[Start of section]

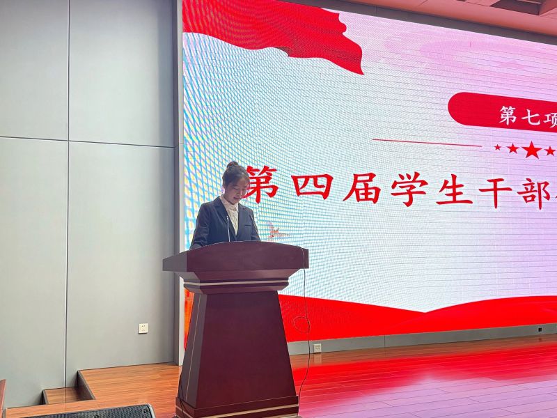 校团委朱思洁老师为第三届学生干部颁发聘书。
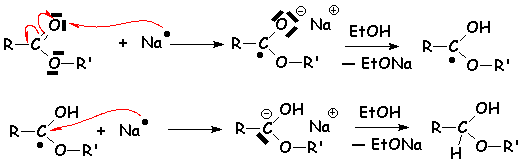 Les esters sont réduits par le sodium de manière radicalaire. En présence de protons, tels que ceux amenés par le solvant non aqueux qui peut être l’éthanol, ils sont réduits en deux alcools, comme dans la réaction précédente :
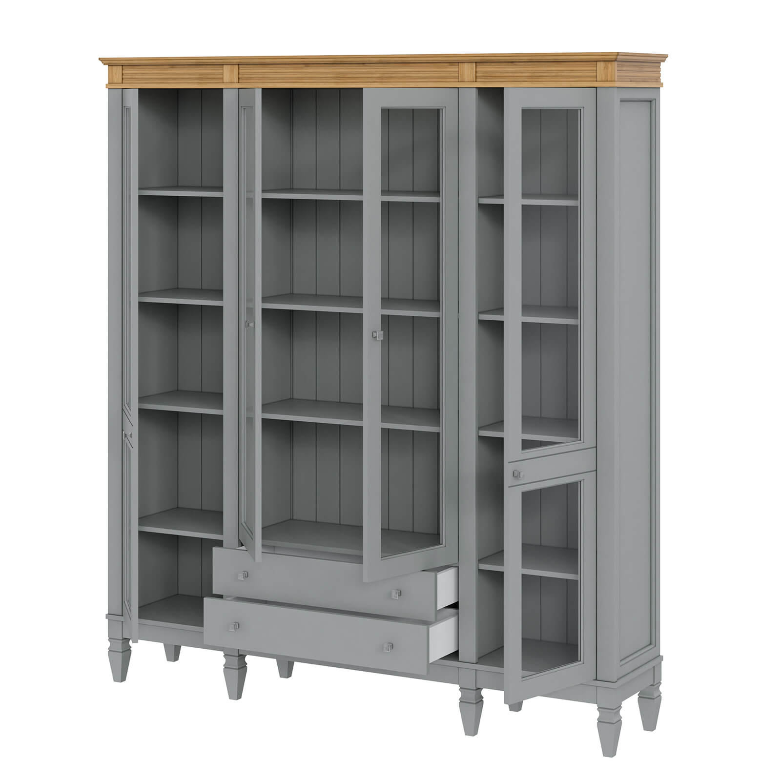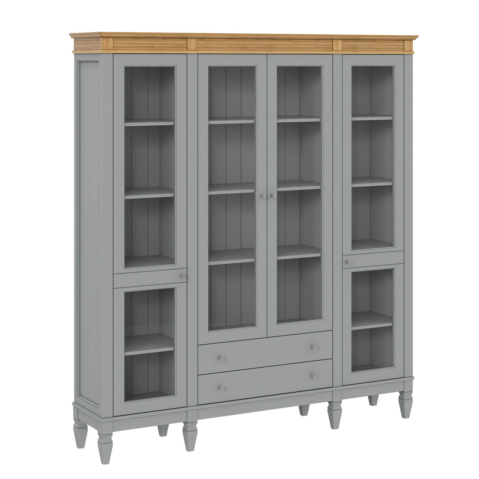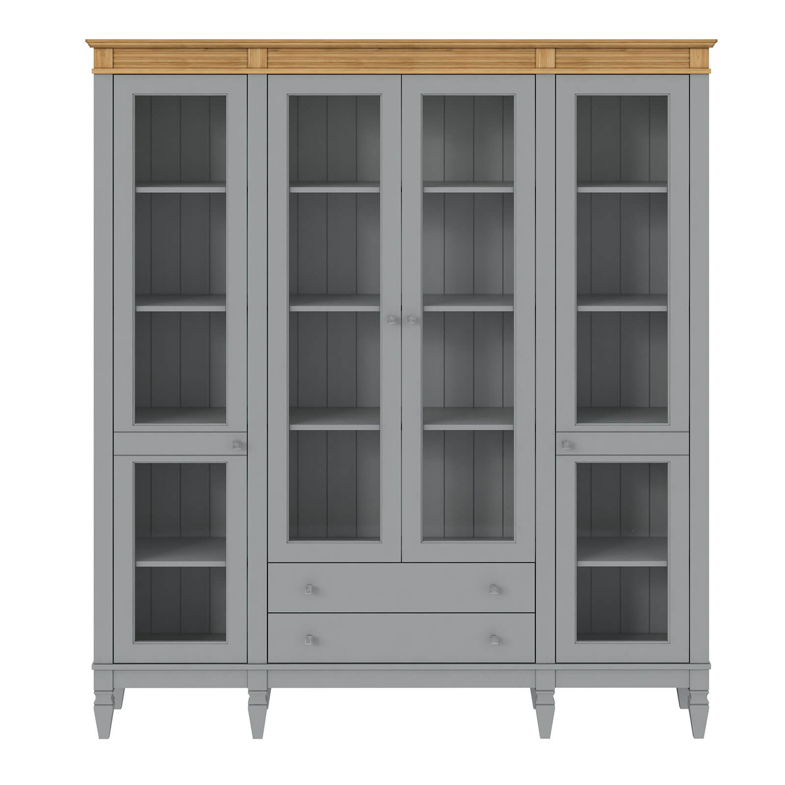 Деревянный стеллаж из сосны / кухонный буфет Ольса-422/002 серый №7042 + антик №24 массив сосны, визуально разделен на три вертикальных секции с 4 полками. Оснащен 4 распашными стеклянными дверцами и 2 ящиками.
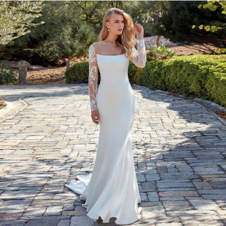 Long Sleeves Muslim Arabic Wedding Dresses Boho Elegant Sheath Summer Plus Size Satin Bridal Gowns
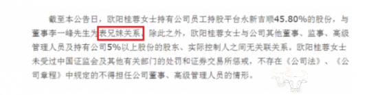 据了解,欧阳桂蓉并不是普通高管,她是公司创始人李一峰的表妹。
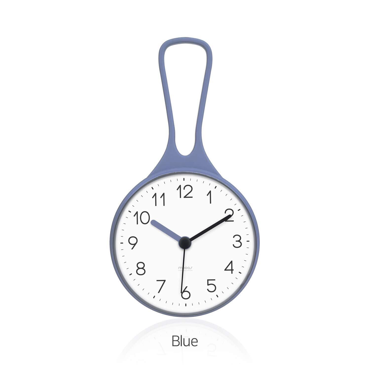 mooas ループバスルーム/防水シャワークロック、フック付き吊り下げ式、キッチンクロック、静音・電池式 (ホワイト)

[End of section]

- [Exercise goal]
Pictures are not part of the copy. Output only the lines from the one with "Деревянный стеллаж из" through the final line of the records, exactly as given.

- [Output for this exercise]
 Деревянный стеллаж из сосны / кухонный буфет Ольса-422/002 серый №7042 + антик №24 массив сосны, визуально разделен на три вертикальных секции с 4 полками. Оснащен 4 распашными стеклянными дверцами и 2 ящиками.
 Long Sleeves Muslim Arabic Wedding Dresses Boho Elegant Sheath Summer Plus Size Satin Bridal Gowns
 据了解,欧阳桂蓉并不是普通高管,她是公司创始人李一峰的表妹。
 mooas ループバスルーム/防水シャワークロック、フック付き吊り下げ式、キッチンクロック、静音・電池式 (ホワイト)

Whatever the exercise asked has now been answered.